Tuesday, June 20, 2006

Nearly illegible fine print ... in the next day's newspaper

In yesterday's Consumer Watch column about the fine print in auto ads, I responded to a complaint about an ad in last Monday's Philadelphia Inquirer.

I wrote that "mouse type" in print ads and the broadcast equivalent, fast-talking disclaimers before or after a radio or TV commercial, were longstanding problems in the marketing of autos (as well as other products), and had prompted numerous actions over the years by the Pennsylvania attorney general and others who monitor the marketplace. I concluded, though, that I'd seen far worse examples than what Dale Shaw complained about: the small-type phrase "with $2,000 cash or trade-in" alongside a $17,990 price for a used 2006 Volkswagen Passat.

Leave it to an eagle-eyed reader to point out one of those worse examples - in at least some editions of today's Philadelphia Inquirer. (In my paper, it ran on a page marked "PA F1.")

The Hopkins Ford ad lists a number of cars, and in big type touts an offer of zero-percent financing "plus $1,000 drive on us bonus cash or we'll pay for your gas up to 2007.*"

And what does that "*" refer to?
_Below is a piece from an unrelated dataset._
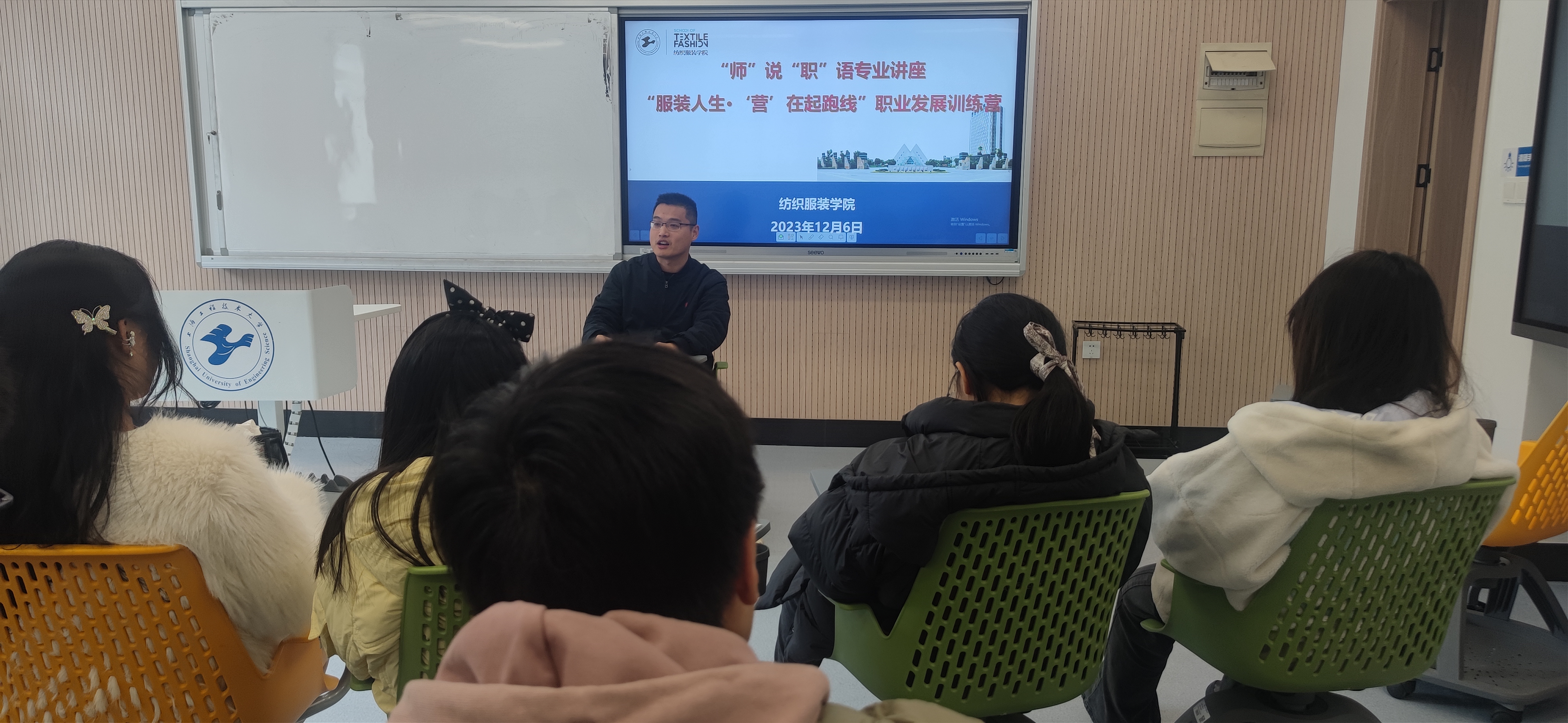 为加强学生对学院专业的认知,了解专业发展方向,明确职业目标,提升职业素养,2023年12月6日800全讯白菜网于教学楼C207举办了“师”说“职”语专业讲座暨“服装人生·‘营’在起跑线”职业发展训练营系列活动。本次活动邀请服装设计与工程系主任孙光武老师、纺织工程系主任郑元生老师、服装艺术系王楠老师为学生们奉上一场专业认知的盛宴,各专业的学生代表参加。会议由800全讯白菜网学工组长由馨媛主持。

Donald Bandera of South Philadelphia called to complain that he had no idea, because the footnote appears not only in tiny type - much smaller than the Passat ad's 8- or 9-point small print - but also in white print on a blue background.
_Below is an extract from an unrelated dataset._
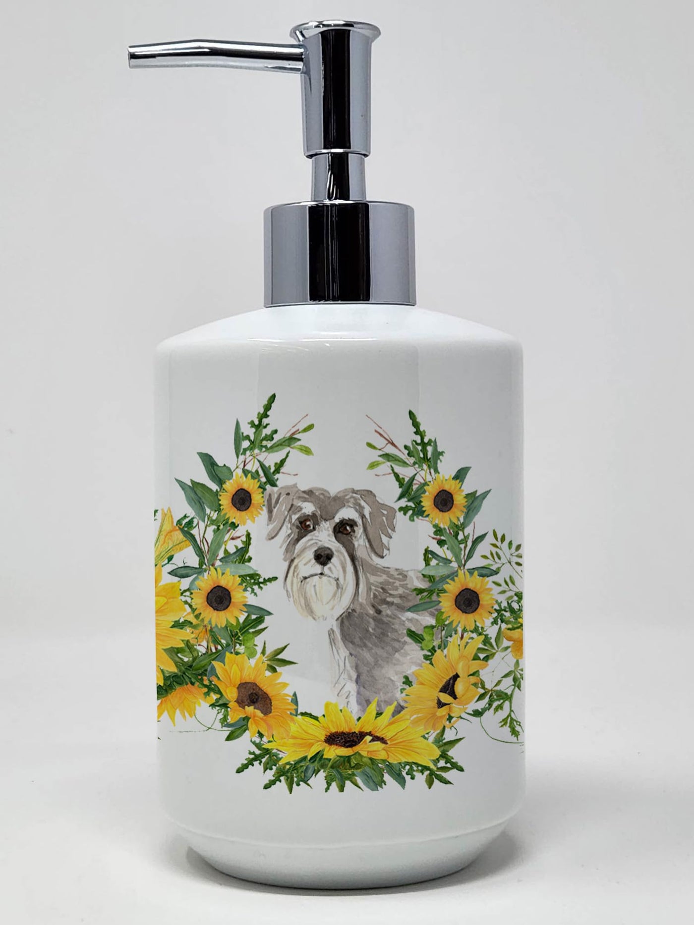 Caroline'S Treasures Ck2965Soap Collie In Sunflowers Ceramic Soap Dispenser Hand Soap Dispenser Pump Bottles For Bathroom Kitche

I could barely make it out myself, with eyes that are 20-odd years younger than Bandera's, but finally found good enough light to focus: It's a disclaimer that says the no-interest financing is "in lieu of rebate" but compatible with the "drive on us" offer, and that explains how the gas offer works.
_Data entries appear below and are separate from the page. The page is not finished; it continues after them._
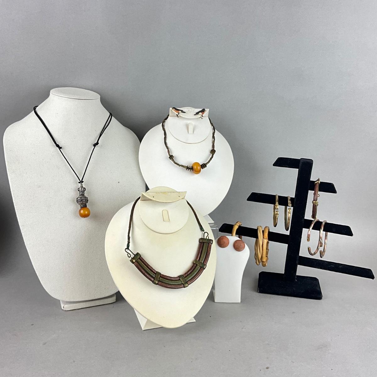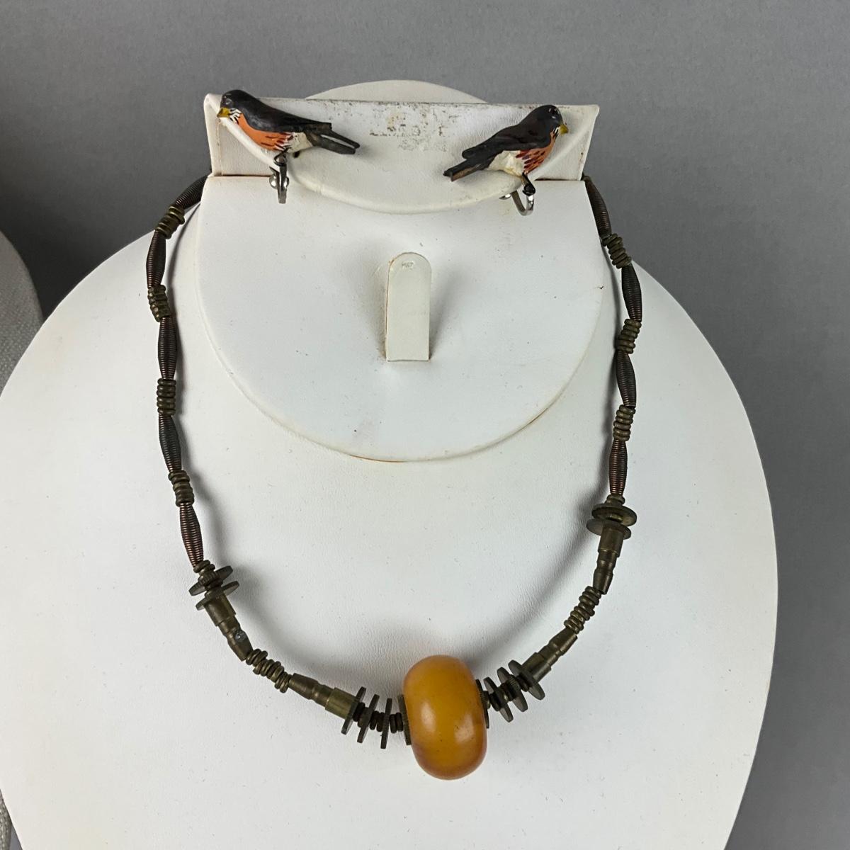 S829 Lot of Amber , Brass, Copper Jewelry Lot
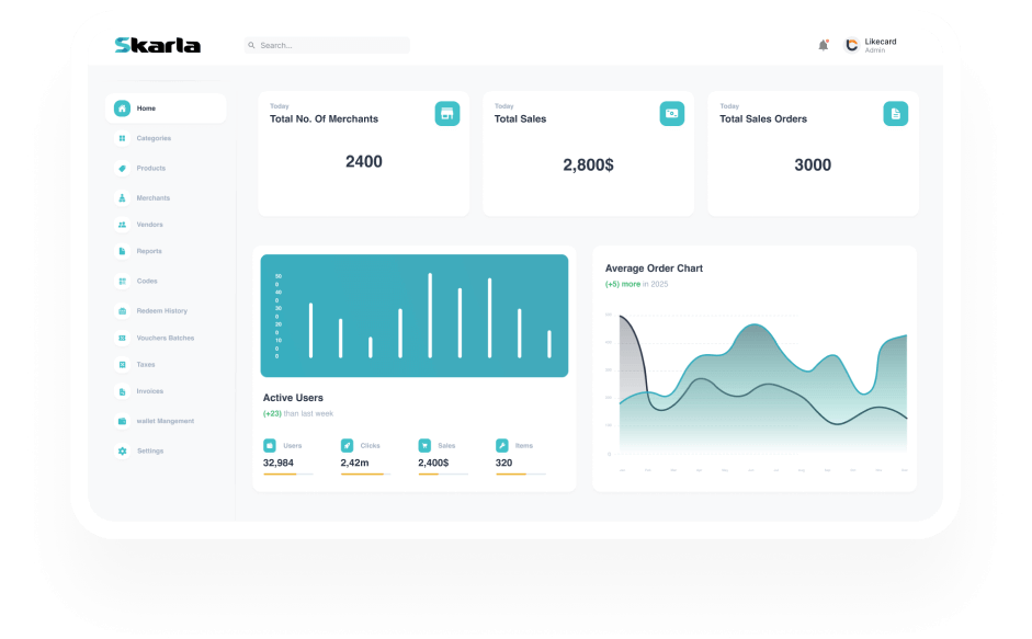 Easily design and manage E-vouchers and Prepaid Gift cards with Skarla’s simple and user-friendly dashboard. Customize denominations, currencies, and SKUs in one place.
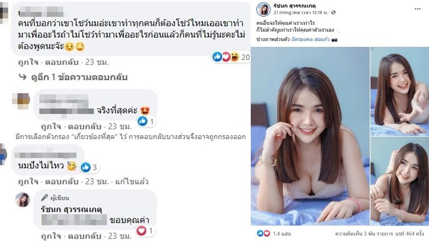 ลั่นนมปังไม่ไหวสวยเซ็กซี่ไม่วายโดนแซะตัดพ้อทำมาหลายบาทแผลหายไม่กี่วันขอถ่ายรูปสวยๆบ้าง เจนนี่ ได้หมดถ้าสดชื่น รัชนก สุวรรณเกตุ ความสวยเข้าที่เข้าทางมากแล้วหลังจากศัลยกรรมมาสวยปัง โดยการเสริมหน้าอกและทำตาสองชั้น
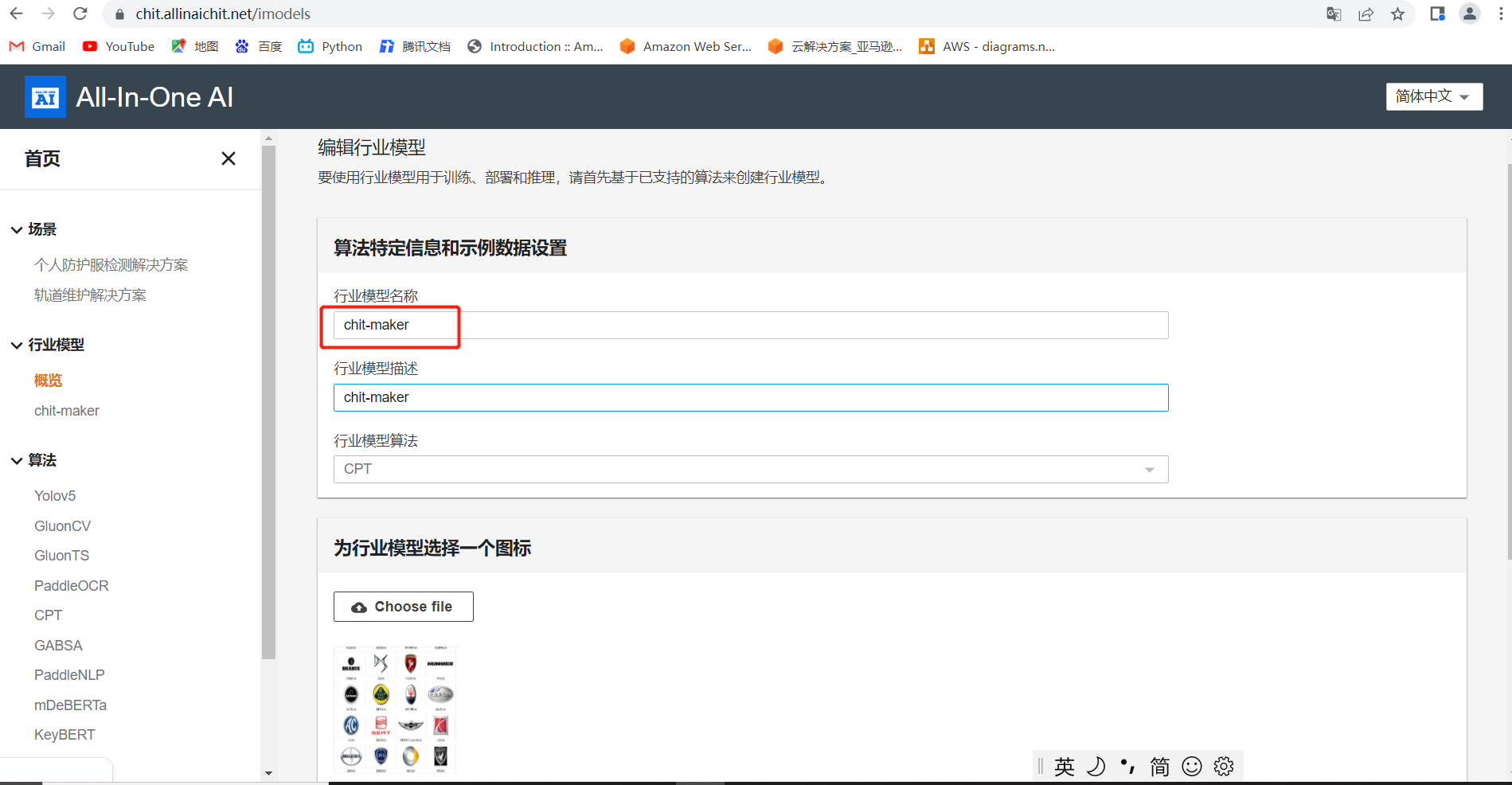 将目录切换到 [path-to-all-in-one-ai]/deployment 并运行以下命令打包 python 代码并为 Web 门户构建 docker 镜像,然后将资产上传到 S3 并将 docker 镜像推送到 ECR 哪个区域是与 CloudFormation 堆栈所在的相同 AWS 区域。这可能需要 15-30 分钟。参数 s3uri 和 aws-region 是必需的,而参数 algorithm 是可选的,用于指定将内置哪种算法,如果未提供,则将内置所有算法。

Printing in color isn't the easiest thing on newspaper presses. Perhaps this ad wasn't meant to be nearly illegible. If I get a response from Hopkins or our ad department, I'll post it here.

For now, it's worth noting that Bandera assumes otherwise, and it's hard to argue with his determination to exercise a healthy skepticism in a competitive market.

"I’m looking around for a car, but I’d never buy one with an ad like that," he told me. "As soon as I see that, that’s like a flag. "I don’t know what they’re trying to hide."

Maybe nothing, or at least nothing surprising. But if Bandera can't read it, even after trying a magnifying glass, how would he ever know?